● **Collected data**
[Start of Attachment]
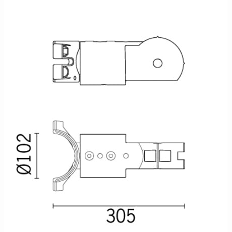 Realizzato in acciaio zincatura a caldo e sottoposto a fosfocromatazione, doppia mano di fondo, passivazione a 120° C, verniciatura liquida grigia testurizzata RAL 9007, cottura a 150° C. Idone per pali con diametro ø102mm. Tramite utilizzo accessorio 6163 anche su pali ø89mm.
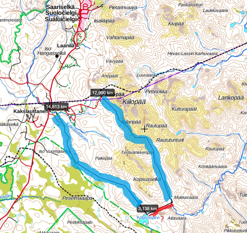 Homma jatkuu Kalottireitin lähellä menevää uraa Suomen rajalle Kobmajoelle. Voisi käydä ilman kuormaa tsekkaamassa Poroharjun, kun se viimeksi jäi tsekkaamatta. Kobmalta en viitsi ajaa Kalottireittiä länteen, koska se on niin huono polku. Poromiesten isompi ura Pitsusjärvelle kulkee vähän pohjoisempana, sitä siis.
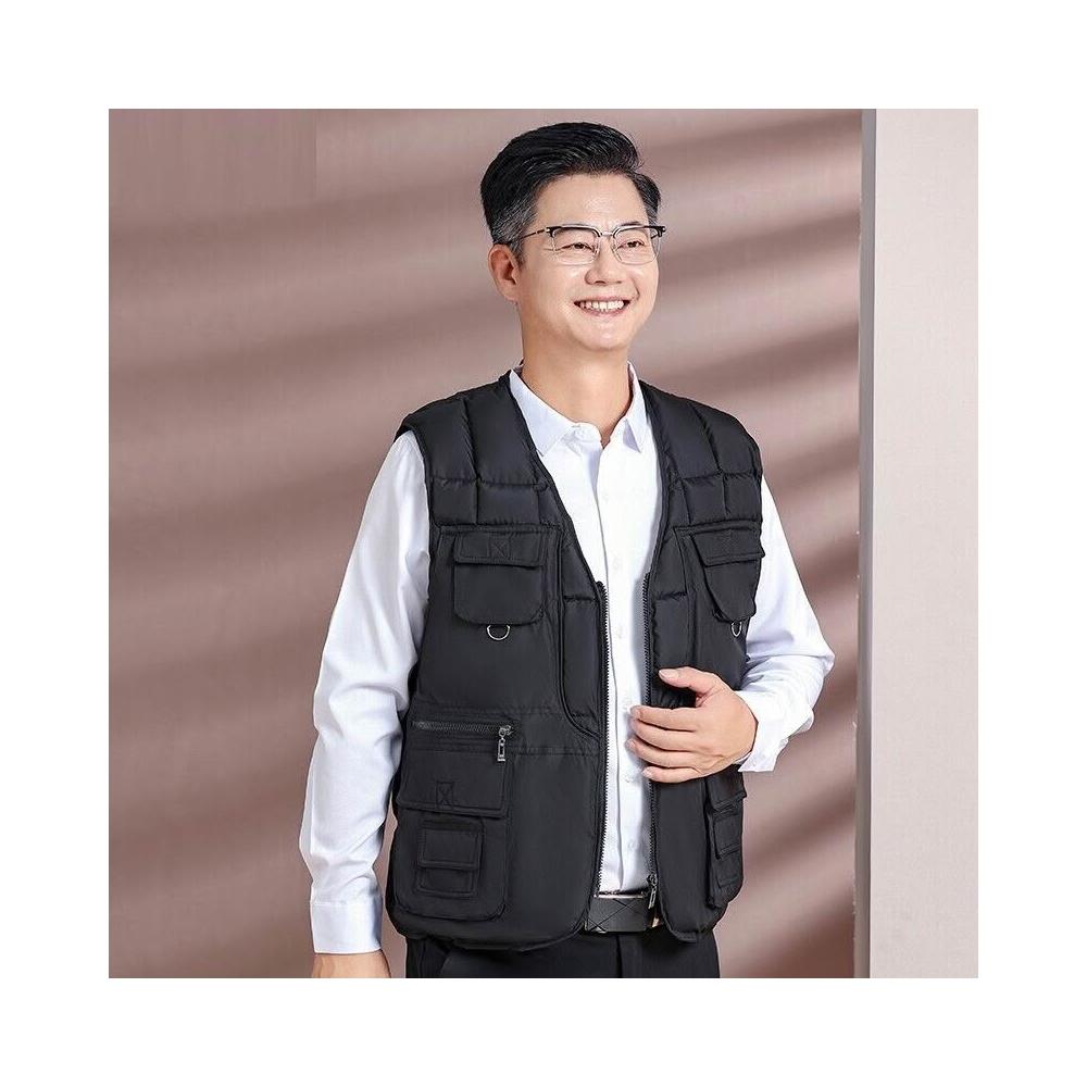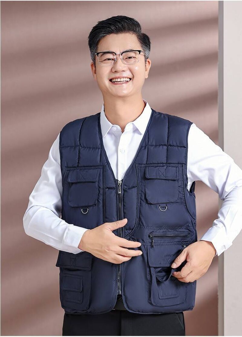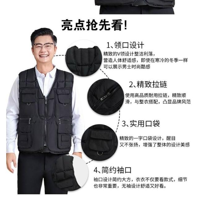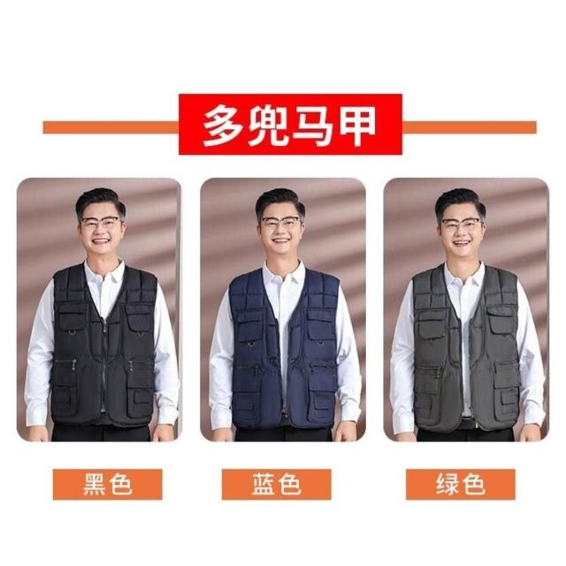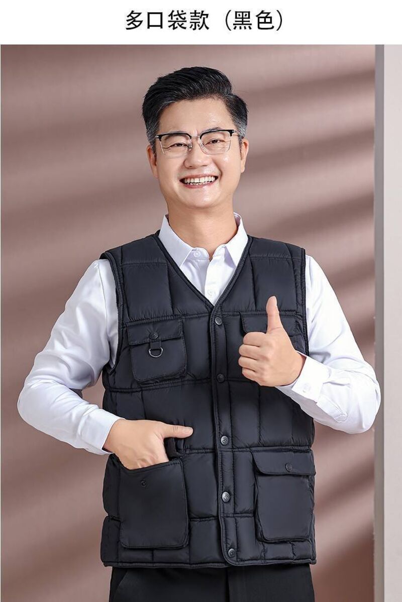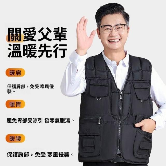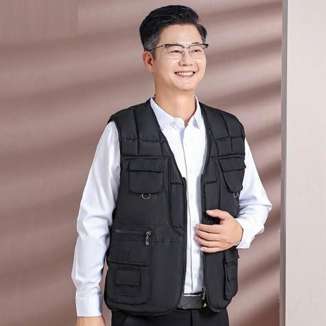 戶外防風防水釣魚徒步多口袋坎肩馬甲秋冬爸爸裝素色保暖馬甲背心中老年背心外套加厚大尺碼純色休閒輕便無袖背心(L-5XL)
[End of Attachment]
Set aside the pictures. Then return every line of the material above verbatim.

● **Solution to the problem**
 Realizzato in acciaio zincatura a caldo e sottoposto a fosfocromatazione, doppia mano di fondo, passivazione a 120° C, verniciatura liquida grigia testurizzata RAL 9007, cottura a 150° C. Idone per pali con diametro ø102mm. Tramite utilizzo accessorio 6163 anche su pali ø89mm.
 Homma jatkuu Kalottireitin lähellä menevää uraa Suomen rajalle Kobmajoelle. Voisi käydä ilman kuormaa tsekkaamassa Poroharjun, kun se viimeksi jäi tsekkaamatta. Kobmalta en viitsi ajaa Kalottireittiä länteen, koska se on niin huono polku. Poromiesten isompi ura Pitsusjärvelle kulkee vähän pohjoisempana, sitä siis.
 戶外防風防水釣魚徒步多口袋坎肩馬甲秋冬爸爸裝素色保暖馬甲背心中老年背心外套加厚大尺碼純色休閒輕便無袖背心(L-5XL)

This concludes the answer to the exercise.